Purchase this article with an account.
Olga Savina, Andre Bergeron, Daniel Guitton; Effect of training to an area-cue on human saccadic eye movements. Journal of Vision 2007;7(9):20. doi: 10.1167/7.9.20.
Download citation file:
© ARVO (1962-2015); The Authors (2016-present)
Introduction. Eye movement latency to targets can be shortened by advanced preparation of saccadic programs. Specifically, advanced saccade preparation can be enhanced through training to attend to a specific location in space (Paré & Munoz, 1996). However, people often know the area where a target will appear rather than its precise location. Here, we investigated how saccades were affected by training to attend to a circular area within which a target appeared at random locations. Additionally, we looked at how training to attend to an area of one size influenced saccades to targets presented in a larger circular area.
Methods. Each trial began with a central fixation point, followed by simultaneously presenting a circular area-cue (6° or 10° diameter), for 400ms. These disappeared, and following a gap period (170ms or 220ms), the target was flashed for 68ms. Participants were required to quickly and accurately saccade to the target once it appeared. Saccade reaction time and position were recorded. To prevent anticipatory saccades, catch trials were included in pre- and post-training sessions where some targets were presented outside the area-cues. During the training sessions, the target was always presented within a 6° area at random locations.

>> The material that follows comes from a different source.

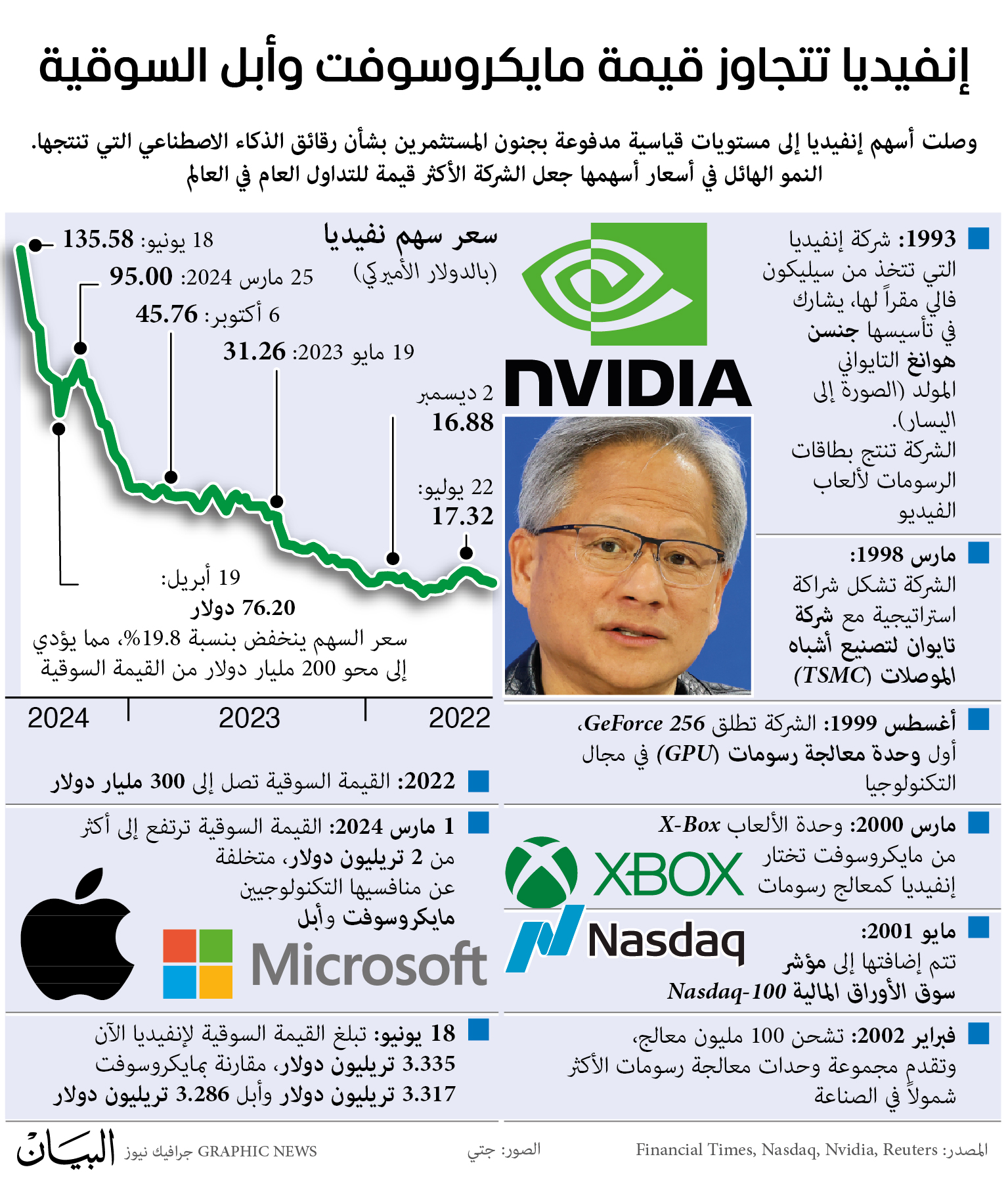 وارتفعت أسهم شركة صناعة الرقائق 3.2 بالمئة إلى 135.21 دولارا، مما رفع قيمتها السوقية إلى 3.326 تريليونات دولار، بعد أيام فقط من تجاوز شركة أبل مصنعة هواتف آيفون لتصبح ثاني أكبر شركة من حيث القيمة.

Results. Post-training goal-directed saccades were mostly anticipatory. Participants each developed a preferred region inside the trained area, where post-training anticipatory saccades were directed. This preferred region scaled with cued-area size, i.e. post-training distributions of saccade-end points greatly overlapped once normalized for cued-area position and size. From the preferred region subjects often generated visually driven corrective saccades to the target inside the area cue. Over all, there was no speed-accuracy trade off.
Discussion. Present findings show that oculomotor preparations extend to areas, not just to a single target location. Compared to pre-training, the learned strategy assures that targets are acquired more quickly without loss of accuracy.